What’s the deal with Twitter (TWTR) these days? The stock has been plagued ever since its IPO in November 2013. In the beginning, the social media giant struggled with profitability. But as soon as it looked like Twitter was making money, growth became an issue. As revenue has continued to grow, growth has continued to slow.
During the most recent quarter, that trend continued. In fact, Twitter saw less growth during the last quarter than Facebook—a paltry 1.4%. This is especially worrisome considering that Twitter has nowhere near the magnitude of users Facebook has and both are seeing similar growth rates. So why did Twitter’s stock jump 16% on Friday?
Investors finally convinced?
Twitter’s stock has been one of the more volatile over the past year. But it seems as if the company is finally convincing Wall Street that its business model is sustainable. Despite horrible growth, Twitter was still able to almost double its revenue over the same period. Of course, Twitter has been doubling its revenue for years now. But this time, advertising revenue was the main driver. In contrast, about half of last quarter’s revenue was attributed to Twitter’s data-licensing business.
The second thing that seems to have investors convinced is Twitter’s outlook for 2015. For the full year, Twitter forecasts between $2.3 and $2.5 billion in revenue, beating what analysts estimated for the year.
What about the growth?
While ad growth is still growing, slowing user growth can put Twitter in a vulnerable position over the next few years. The company blames its recent paltry growth on Apple (AAPL). As iOS 8 was rolled out, a bug in Twitter’s iOS integration cost 4 million users. Additionally, it seems as if the fourth quarter is generally slower.

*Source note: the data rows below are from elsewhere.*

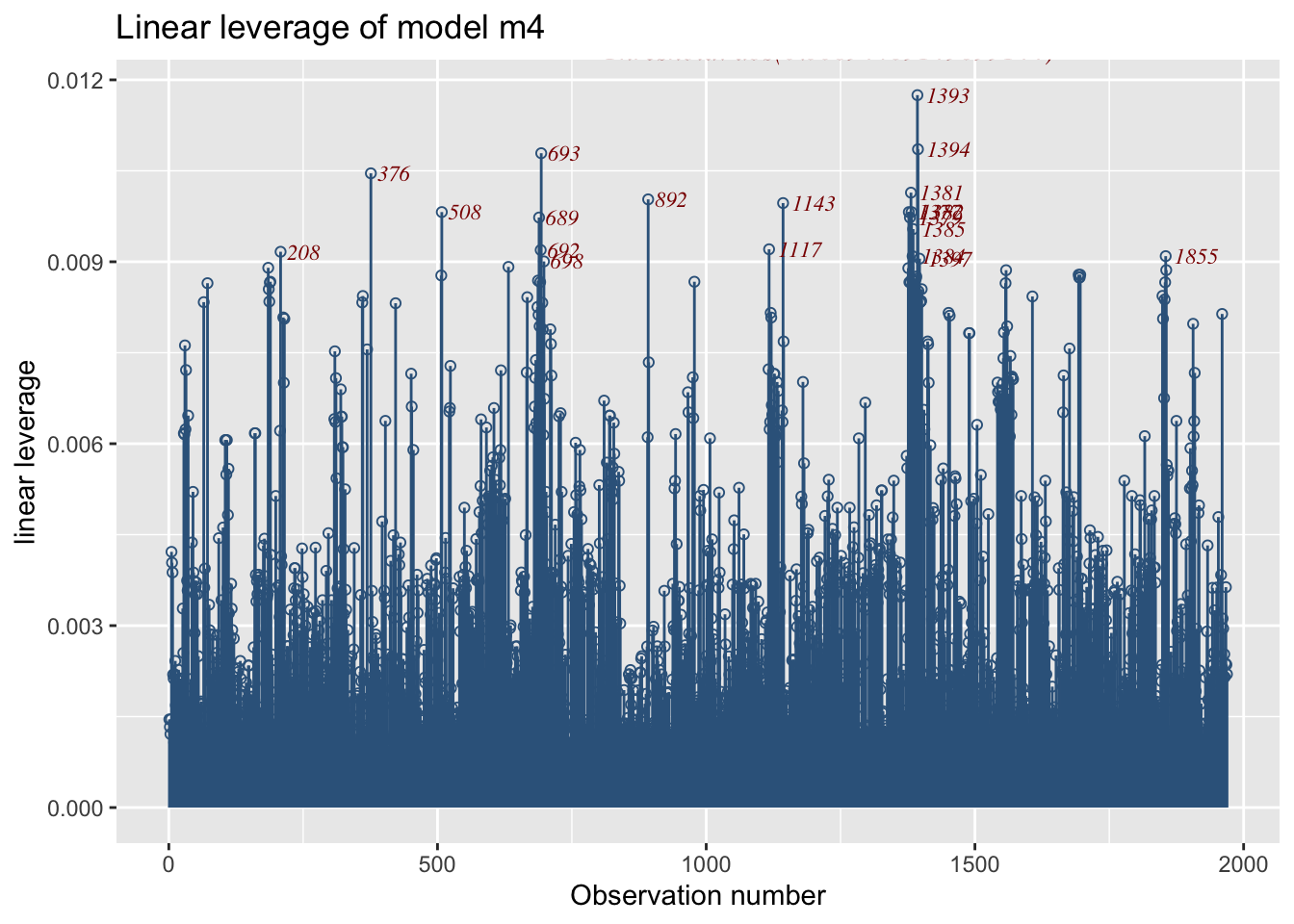 fitted_leverage()The function plots the linear leverage from a fitted GAMLSS model.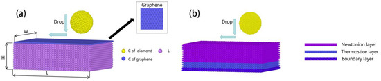 In order to investigate the mechanical response and transport properties of graphene-covered lithium-metal anode interfaces, molecular dynamics simulations were performed in this paper using LAMMPS (2021) [14] software. The size of the simulated system is 151.62 Å × 101.08 Å × 48 Å, which contains a lithium metal matrix, a graphene-covered layer and a diamond probe. The lithium metal matrix has a body-centered cubic (BCC) structure with a lattice constant of 3.44 Å. The graphene layer is a single hexagonal lattice with a lattice constant of 2.4768 Å, which is placed on the surface of the lithium metal to construct a composite interface. In this study, two simulated systems were constructed: Figure 1a Lithium-metal interface (Li/C) with surface covered with a single layer of graphene; Figure 1b unmodified pure lithium-metal interface (Li). Among them, the C/Li system was simulated at 293 K, 300 K and 373 K, respectively, to investigate the effect of temperature on the properties of the LI/C interface.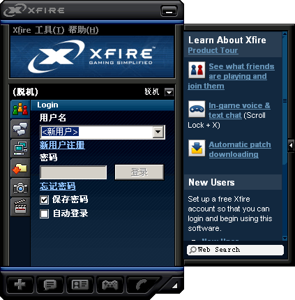 Xfire是专为游戏玩家设计的即时消息软件。你可以看到正在线上打游戏的朋友,同时能够看出他们正在玩什么游戏、在哪里玩,如果你想加入,那么很简单,单击一下鼠标就行。如果你不喜欢传统的IM软件的不便利性,那么Xfire绝对值得一试。

Twitter management is also attempting to shift the way analysts look at the social media network’s growth. According to the Wall Street Journal, “It wants outlying audiences—those that visit Twitter but don’t log in and those who see Twitter content on other properties, known as the syndicate audience—to be counted as part of its overall heft.” Market research shows that close to 160 million people across the world visit Twitter without “actively” using it. If Twitter starts to talk about those people more, it could make it easier for investors to see the value in what Twitter provides.
Other developments
Twitter is still doing whatever it can to fight for more users. The company recently introduced Twitter Video, a feature allowing users to upload 30-second video clips. It hopes to follow in Facebook’s footsteps, which has seen major revenue growth from its own video feature in the last year. Twitter also struck a deal recently with Google to show tweets in the results of Google searches. The two tech companies previously had a deal from 2009 to 2011. The result of a renewal is more eyeballs on the platform, which, of course, leads to more users.